Although societies are characterized by an abundance or paucity of commodities, consumption matters as part of individual wants, needs, and desires. Consumption has been an intrinsic part of social relations since humans first created, used and exchanged objects, but the emergence of “modern” consumption is said to have it’s origins in 17thand 18th-century Europe in societal changes that accompanied the Industrial Revolution. The development of new technologies, factory-produced commodities, the separation of production from consumption sites, and the emergence of new socialites and consumer practices around consumption evolved during this time.

However, it was during the 19th and earlier part of the 20th centuries that the sphere of consumption expanded rapidly, facilitated by the global extension of the capitalist mode of production, new technologies, burgeoning advertising and marketing industries, and wider availability of industrially produced commodities. In the 20th century, commodification (the process where more and more aspects of social life become subject to exchange in the marketplace) has been accompanied by social change directed toward consumerism. Consumerism entails the everyday lives of individuals becoming enmeshed in commodity acquisition.

Contemporary Changes

Over the second half of the 20th century, the sphere of consumption has become more complex, deepening and broadening to encompass new spaces, practices and relationships. More and more consumption is occurring in dematerialized spaces, via information and communications technologies, including the Internet. There are numerous consumption sites such as e-shopping, trading, and gaming. Internet auction site eBay, for example, set up in the United States in 1995, now provides a medium of consumption for tens of millions of registered users globally.

While themed shopping malls, fast-food restaurants, chain stores and commodified leisure activities are most often cited as evidence of the growing visibility of consumption in contemporary landscapes, they continue to evolve alongside other forms of consumption, many of which may be more mundane (outdoor/indoor markets, grocery stores, auctions, and secondhand commodity exchange) but none the less important. Consumers frequently service more of their own needs through consumption than previously (for example, automated tellers, via self-service retail outlets, and vending machines).

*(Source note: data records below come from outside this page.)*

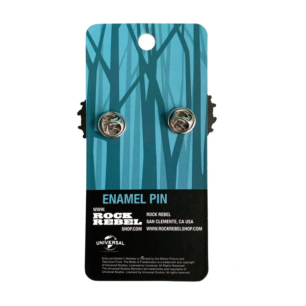 Glow-in-the-dark barbed wire trimmed black heart enamel pin depicting the iconic "We Belong Dead" profile poses of Boris Karloff as the monster and Elsa Lanchester as his mate from the classic 1935 movie, Bride of Frankenstein
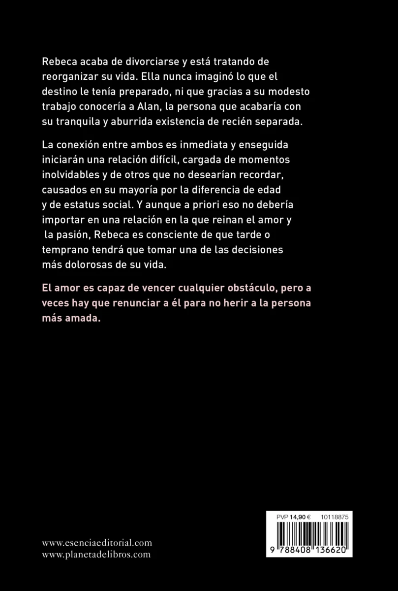 Rebeca acaba de divorciarse y está tratando de reorganizar su vida. Ella nunca imaginó lo que el destino le tenía preparado, ni que gracias a su modesto trabajo conocería a Alan, la persona que acabaría con su tranquila y aburrida existencia de recién separada.
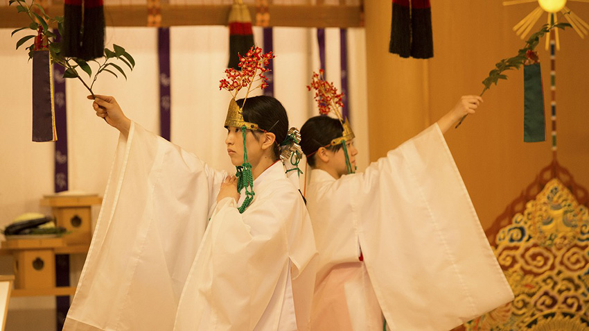 擁有約1500年歷史的神社所舉行的「神前結婚式」,是一項體現日本傳統家庭美德與精神的歷史性儀式。由主祭神天兒屋根命(あめのこやねのみこと)所象徵的誓約與夫婦圓滿的信仰為基礎,以「多度両宮御印祭祈年の儀」的形式舉行。神職透過祝詞與神樂,為新人進行祈禱與導引。儀式場地包括多度神社本宮、別宮・一目連神社、攝社、末社等場所,並依據新人的心願安排參拜動線,從正殿、夫婦岩、白馬神馬、社殿、馬道等處進行參拜,使婚禮充滿神聖意義。此外,騎馬奉告式如「上げ馬神事」也象徵著勇往直前的祈願,為婚姻帶來延續幸福的強大祝福。這場儀式也包含了家內安全、夫婦圓滿、五穀豐收等傳統信仰,並傳承對天兒屋根命的深厚信仰之情。
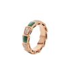 Reminiscent of a snake coiling before it strikes, this ring sensually wraps around the finger, letting you indulge in its seductive curves. This sophisticated and stylish piece of jewellery cleverly combines the deadly and seductive nature of scales with the sinuousness of a snake, and is full of temptation, sensuality and seduction. Light and shadow, intellect and desire, the two sides of the snake's nature are revealed. Serpenti Viper series 18K rose gold ring set with malachite and decorated with pavé diamonds.
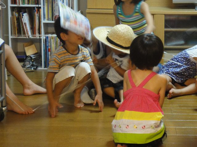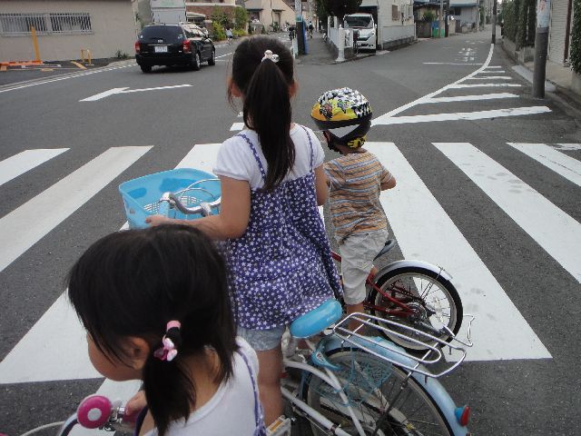 ラボ・パーティ お友達 2010.07.23(金) 先日参加したラボ・パーティの体験にもう一度行ってきました。前回と同様に英語の童話を聞かせてもらってから歌をうたったり、一緒に英語でゲームをしたりして楽しんでいました。 帰りはみんなで一緒に帰ってきました。《とり》も補助なしの自転車で一緒ですが、まだちょっとふらふらしていました。

Consumption activities have also become subject to de-differentiation, where previously discrete consumer activities such as shopping and banking, medical services, travel, theme parks, and shopping malls now merge. The term McDonaldization has been coined to examine how this trend has become increasingly instrumental and rationalized due to predictability, control, efficiency, and quantification. Themes and visual activity in such spaces (such as video, live entertainment, and leisure activities) provide a means of re-enchanting such spaces and promoting both excitement and a point of difference for consumers.

Extension into Social Contexts

The significance of consumption in contemporary societies extends well beyond the individual consumer and their use of commodities. While consumption is commonly equated with “shopping” practices connected with identity, such a view is limited; as the sphere can involve a whole range of commodity practices involving goods and services connected with such things as daily needs, leisure, sport and recreation, tourism, housing, and education. The extension of the commodity form to more and more aspects of social life connects consumption with other social, political, and cultural formations. Marketers, advertisers, and designers of goods and services help reflect and create consumer taste, while simultaneously establishing particular modes, and norms of consuming. Spaces of consumption may also shape consumer identities and practices through surveillance and the regulation and representation of appropriate ways of consuming. Privately-owned shopping malls, for example, frequently masquerade as “public spaces,” yet are often policed and controlled.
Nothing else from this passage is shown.